Rice researchers create an implant for diabetics that produces insulin

Bioengineers at Rice University have leveraged 3D printing and smart biomaterials to create a new implant for Type 1 diabetics that produces insulin. The breakthrough is the result of a three-year partnership between researchers and the Juvenile Diabetes Research Foundation. Researchers used insulin-producing beta cells made from human stem cells to create an implant able to sense and regulate blood glucose levels by responding with the correct amount of insulin for a given time.Researchers Omid Veiseh and Jordan Miller have been working on the project for over a decade. Veiseh said that to recapitulate what the pancreas normally does requires vasculature. The pancreas has lots of blood vessels and cells that are organized in particular ways. The researchers want to print the same orientation that exists in nature.

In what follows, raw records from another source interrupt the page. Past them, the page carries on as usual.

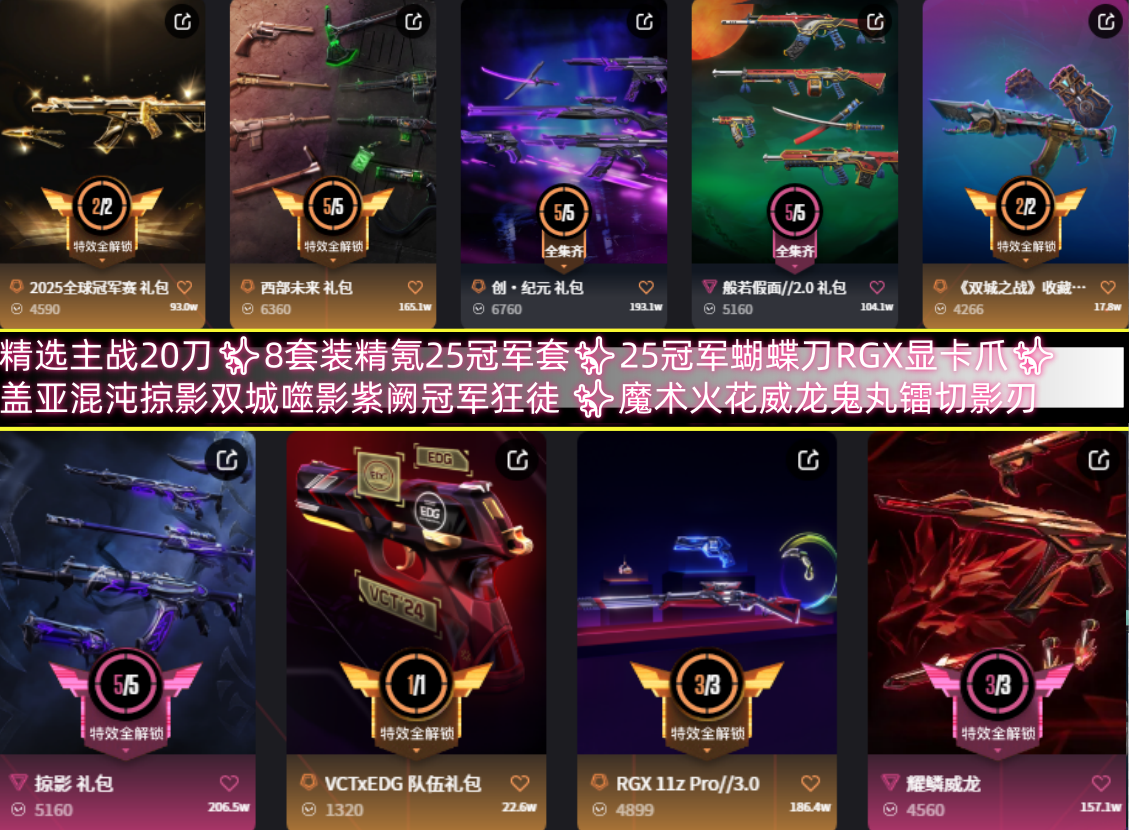 精选20质量刀✨8套装精氪25冠军套✨25冠军蝴蝶刀RGX显卡爪✨盖亚混沌掠影双城噬影紫阙冠军狂徒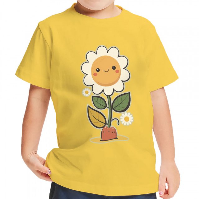 Daisy Print Girls’ Ruffle Neck T-Shirt – Kawaii Toddler T-Shirt – Cool Design Ruffle Neck Tee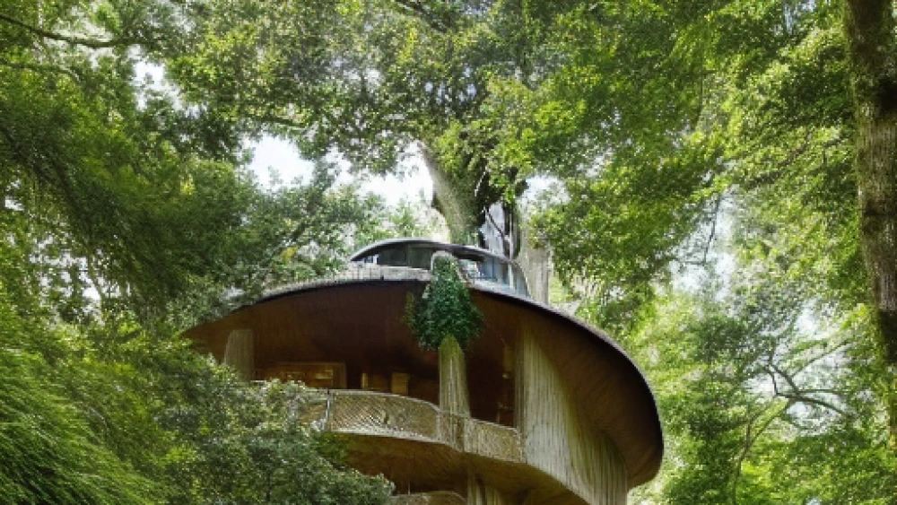 A treehouse in a dense forest, A large hedge maze in a stately home's garden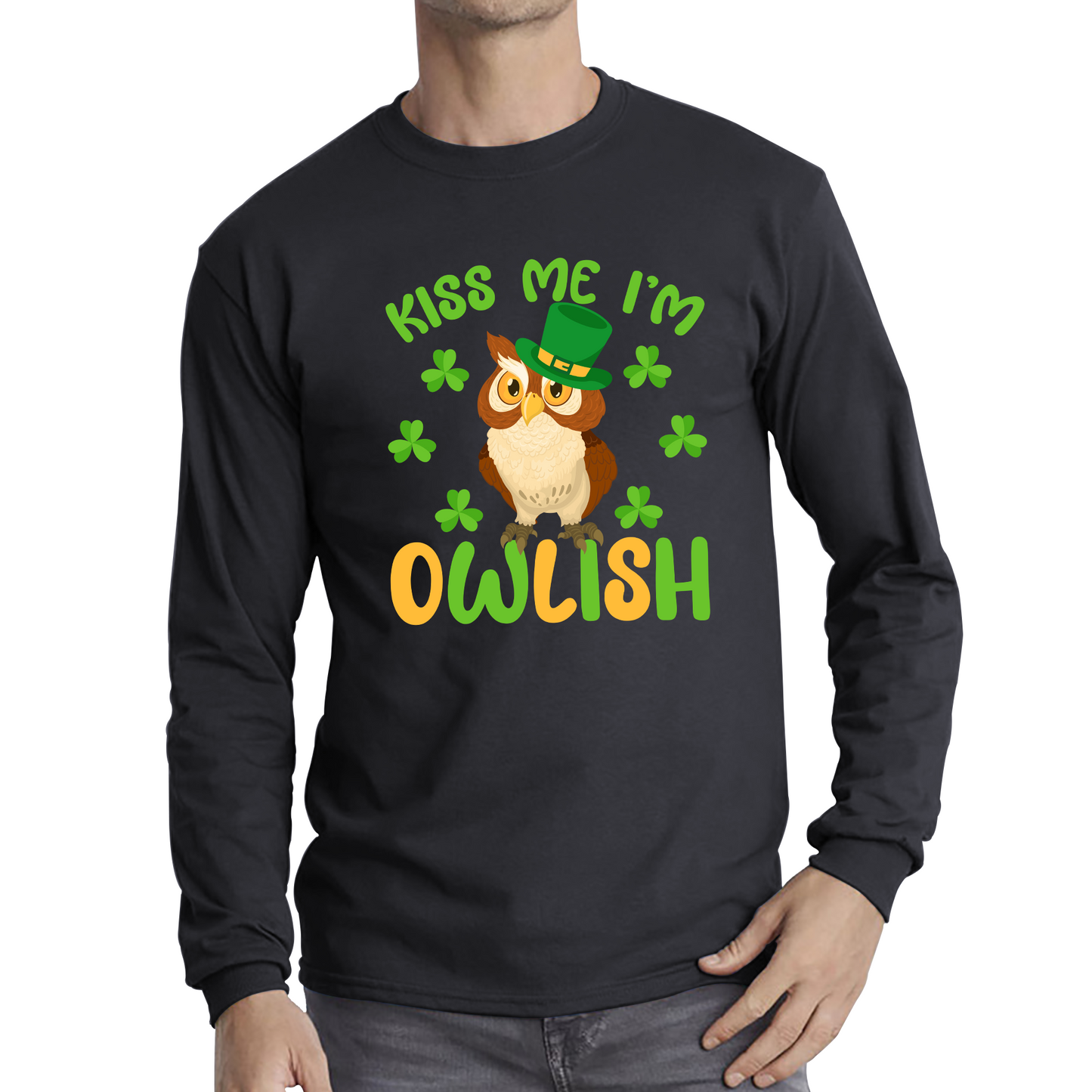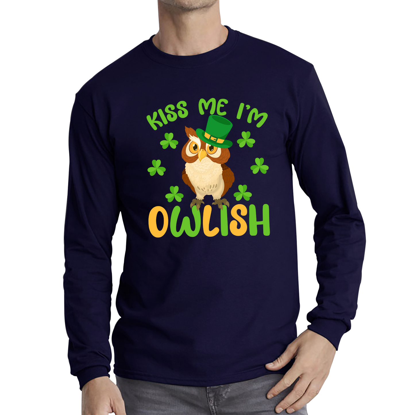 Kiss Me I'm Owlish St. Patrick's Day Long Sleeve T Shirt

Type 1 diabetes is an autoimmune disease causing the pancreas to stop using insulin. Insulin is a hormone required to control blood sugar levels. About 1.6 million people in America have Type 1 diabetes, and over 100 cases are diagnosed each day. The condition is managed with insulin injections, but managing insulin injections along with eating, exercise, and other activities can be difficult.

The goal of the researchers is to show that their implant can properly regulate blood glucose levels for diabetic mice for at least six months. Doing that requires them to engineer beta cells able to respond to changes in blood glucose quickly. Ideally, the insulin-producing cells would be no more than 100 microns from a blood vessel. They leveraged a combination of pre-vascularization via advanced 3D bioprinting and host-mediated vascular remodeling.

That combination gives each implant several opportunities at host integration. The cells in the implant that produce insulin will be protected with a hydrogel formulation that has been proven effective for encapsulating cell treatments in bead-sized spheres. They have pores small enough to keep cells inside from being attacked by the immune system while being large enough to allow nutrients in and insulin out of the cell.